Surveillance Blimp Heads Home after Stint at Greek Olympics

Dominique Maniere has spent his life drifting over unfamiliar places: Norway, America, the deserts of North Africa and anywhere else airships are paid to go on slow patrol, carrying giant advertisements or powerful surveillance cameras.

The white-bearded Frenchman is wrapping up a three-month job in Athens, flying a blimp for the Greek police during the Olympics as part of a massive security operation.

While they scoured the city for signs of a terrorist attack, he looked out over Athens' ancient sites and newly built stadiums and infrastructure.

"To fly over Athens, and look at the Acropolis...I never dreamed that I could do that,'' Maniere, a dirigible flier for the past 21 years, told The Associated Press. ``Normally I don't prefer to fly over cities...but it was very nice to fly over Athens.''

The 200-foot long blimp, laden with cameras and sensors, became a daily feature of the city's skyline as it hummed over Olympic venues and hilltop monuments, streaming video of street demonstrations, traffic jams and marathon runners during the Aug. 13-29 games.

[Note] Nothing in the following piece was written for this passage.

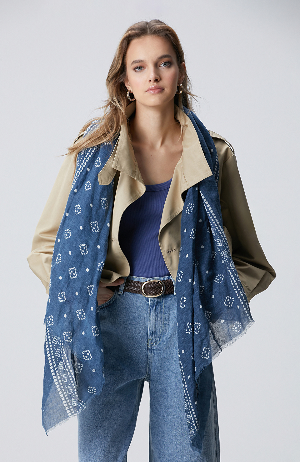 Mavi sal, her zaman gizemli ve hafif bir serinlik hissi katan bir aksesuar. Uzun govdeli tipler icin idealdir; omuzlara hafif bir dalgalandirma yaparak dengeli bir gozukme saglar. Gunesli bir yaz sabahinda ya da sonbahar aksam yuruyuslerinde cok guzel gorunur. Beyaz tisortle ve yuksek bel jean ile kombinlemede hem pratik hem de modayla uyumlu bir gozukme elde edersin. Ayni zamanda, bol yaka bluz ve koyu renk etekle de cok guzel olur. Renk olarak mavi ve beyaz birbiriyle harmanlanirken, siyah deri kemer ve beyaz sneaker ile tamamlayabilirsin. Kullanmadiginda katlanmadan asmali, nemli ortamlardan uzak tutmali. Hem ofis-sonrasi bulusmalarda hem de tatilde rahatca giyilebilir.

Data from the airship was used with images from 1,200 new street cameras, police helicopters and surveillance vans as part of the $1.5 billion security operation that also included the Sept. 17-28 Paralympics. The operation officially ended Oct. 4.

The blimp, operated by Airship Management Services Inc., based in Greenwich, Conn., stayed on while the company discussed potential future business deals.

These include providing security at the Beijing Olympics in 2008, observing the Muslim pilgrimage at Mecca, in Saudi Arabia, and filming holiday destinations for the Greek tourism ministry, company representative Alexander Spyrou said.

Spyrou said the demand for aerial surveillance has grown since the terrorist attacks of Sept. 11, 2001.

"Advertising in America and passenger carriages in Europe have been our bread and butter businesses, but more and more it's being used as a surveillance vehicle. ... It's a reliable eye in the sky,'' Spyrou said.

An increasing number of police forces ask about using the blimps ``for traffic control, pollution monitoring, border protection and coastal patrols.''

He said the helium-filled balloon is a cheap and stable "platform'' for sensors, with advances expected to include unmanned and high-altitude blimps within a few years.

The Athens contract was worth $1.8 million.

Spyrou's firm leased blimps for surveillance and use as overhead billboards for Olympics at Los Angeles in 1984, Seoul in 1988 and Atlanta in 1996. The British military has also used the blimps to track the Irish Republican Army in Northern Ireland, he said.